Derrière, les fautes s’accumulent. L’Allemand Philipp Nawrath et Samuelsson piochent. Sur cette piste, rien n’est encore définitif.


Une gestion tactique remarquable au tir debout

Le choix du tapis, un détail décisif

Au tir debout, Perrot fait preuve d’intelligence. Il se place au tapis numéro deux, au cœur du peloton. Il tire en premier.

Ce choix perturbe ses adversaires. La pression change de camp.

Un sans-faute qui fait la différence

Perrot enchaîne cinq nouveaux tirs parfaits. Aucun bruit parasite. Aucun temps mort. Derrière lui, tous craquent.

Christiansen et Nawrath commettent chacun une faute. Samuelsson en concède deux. En quelques secondes, le relais de Ruhpolding bascule définitivement.


Une résistance finale sur les skis

Un dernier tour sous haute tension

À la sortie du pas de tir, Éric Perrot possède huit secondes d’avance. Sur le papier, ce n’est rien. D’autant plus que ses poursuivants sont réputés plus puissants sur les skis.

Le Français résiste pourtant avec sang-froid. Il gère son effort sur les longs faux plats.

Une ligne d’arrivée libératrice

Perrot ne faiblit pas. Il maintient l’écart jusqu’au bout. La France s’impose avec 6,2 secondes d’avance sur la Norvège. L’Allemagne termine troisième à 7,9 secondes.

Le bilan français est remarquable malgré un tour de pénalité et quatre pioches.


Un relais de Ruhpolding riche d’enseignements

Une victoire collective avant tout

Cette victoire ne se résume pas à un exploit individuel. Chaque Français a joué son rôle. Même le passage difficile de Fabien Claude n’a pas fait imploser l’équipe.

La capacité à rester dans le plan, malgré l’adversité, impressionne.

Une force mentale retrouvée

Longtemps, la France a parfois douté en relais masculin.
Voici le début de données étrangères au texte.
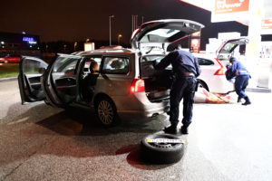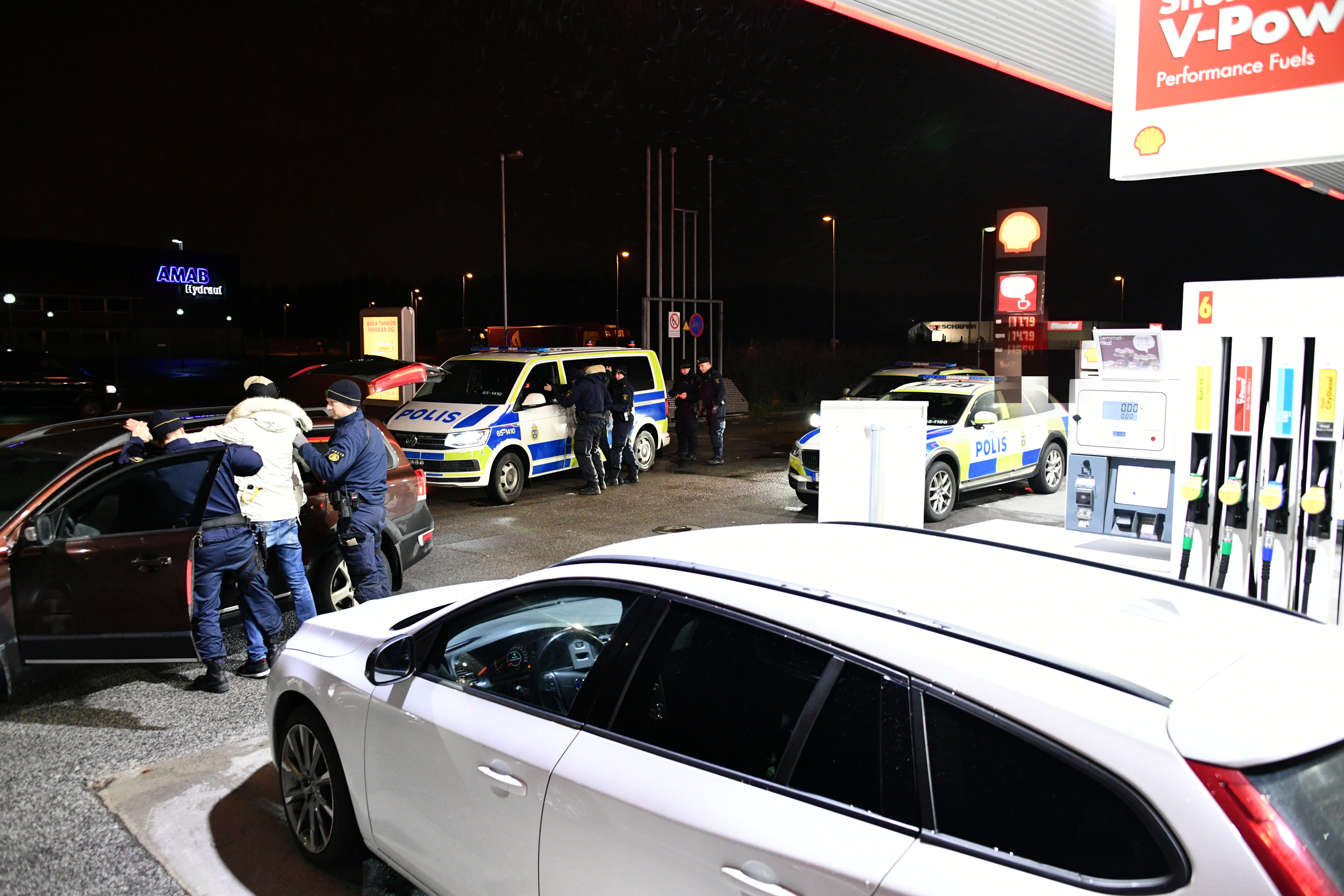 Flera personer i två bilar omhändertogs av polis på Shell Lockarp

Ce succès montre une solidité mentale nouvelle. Les Bleus savent désormais revenir de loin.

C’est un atout majeur à l’approche des grands rendez-vous.
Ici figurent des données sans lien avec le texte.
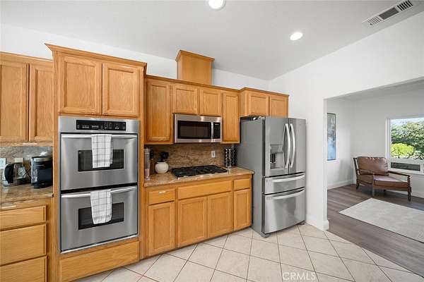 Inside, the open floor plan welcomes you with vaulted ceilings, recessed lighting, and a cozy fireplace that anchors the living area. The kitchen is both functional and inviting, featuring abundant counter space, bar seating, stainless steel appliances including a propane cooktop, dual ovens, range hood, microwave, and refrigerator. A reverse osmosis system, pull-out trash bin, and ample storage ensure the space is as efficient as it is elegant.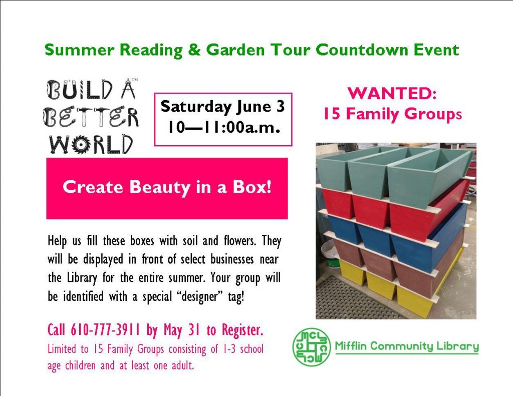 Combining the theme of the 2017 Summer Reading Program with a green thumb in anticipation of their Annual Garden Tour, the Friends Group of Mifflin Community Library is planning an event to engage families and beautify Lancaster Avenue in Shillington. Build a Better World – Create Beauty in a Box will take place on Saturday, June 3 from 10 am to 11 am in the library parking lot at 6 Philadelphia Avenue. Fifteen family groups will plant colorful annuals in handcrafted flower boxes that will be displayed throughout the summer at designated businesses, including M&T Bank, Renninger’s Accounting, Avenue 4 Accessories, Ann’s Nails, the Borough Hall and several others.

Un signal fort envoyé avant les Jeux Olympiques

Une répétition générale réussie

Le relais de Ruhpolding était le dernier test avant les Jeux Olympiques. Le message est clair. La France sera une équipe à battre.

Face aux meilleures nations mondiales, elle a répondu présente.

Des certitudes pour le staff

Le staff français repart d’Allemagne avec des réponses. La hiérarchie interne est claire. Les automatismes fonctionnent.

Surtout, l’équipe a démontré qu’elle pouvait gagner même sans scénario parfait.


La France face à ses rivaux directs

La Norvège, toujours redoutable

Deuxième à Ruhpolding, la Norvège reste une référence. Son collectif est dense. Son expérience est immense.

Mais la France a prouvé qu’elle pouvait la battre à la régulière.

L’Allemagne solide à domicile

Troisième devant son public, l’Allemagne confirme sa progression. Son tir reste une arme majeure.

À quelques semaines des Jeux, elle s’installe comme un outsider sérieux.


Pourquoi le relais de Ruhpolding compte déjà dans l’histoire

Une course référence pour la génération actuelle

Ce relais marquera la carrière de plusieurs Bleus. Éric Perrot y signe l’un de ses plus grands moments.

Pour l’équipe, cette victoire renforce une dynamique positive.

Une base pour construire la suite

Les grandes équipes se forgent dans l’adversité. Ce succès, acquis après une remontée spectaculaire, sert de socle.

Il nourrit la confiance collective à l’approche du rendez-vous olympique.


Conclusion

Le relais de Ruhpolding restera comme une démonstration de caractère de l’équipe de France de biathlon. Mal partie, elle a su s’appuyer sur ses forces, son sang-froid et son talent.

Portée par un Éric Perrot impérial, la France a signé une victoire de référence. À quelques semaines des Jeux Olympiques, ce succès change le statut des Bleus. Ils ne sont plus des outsiders. Ils sont des candidats crédibles au titre.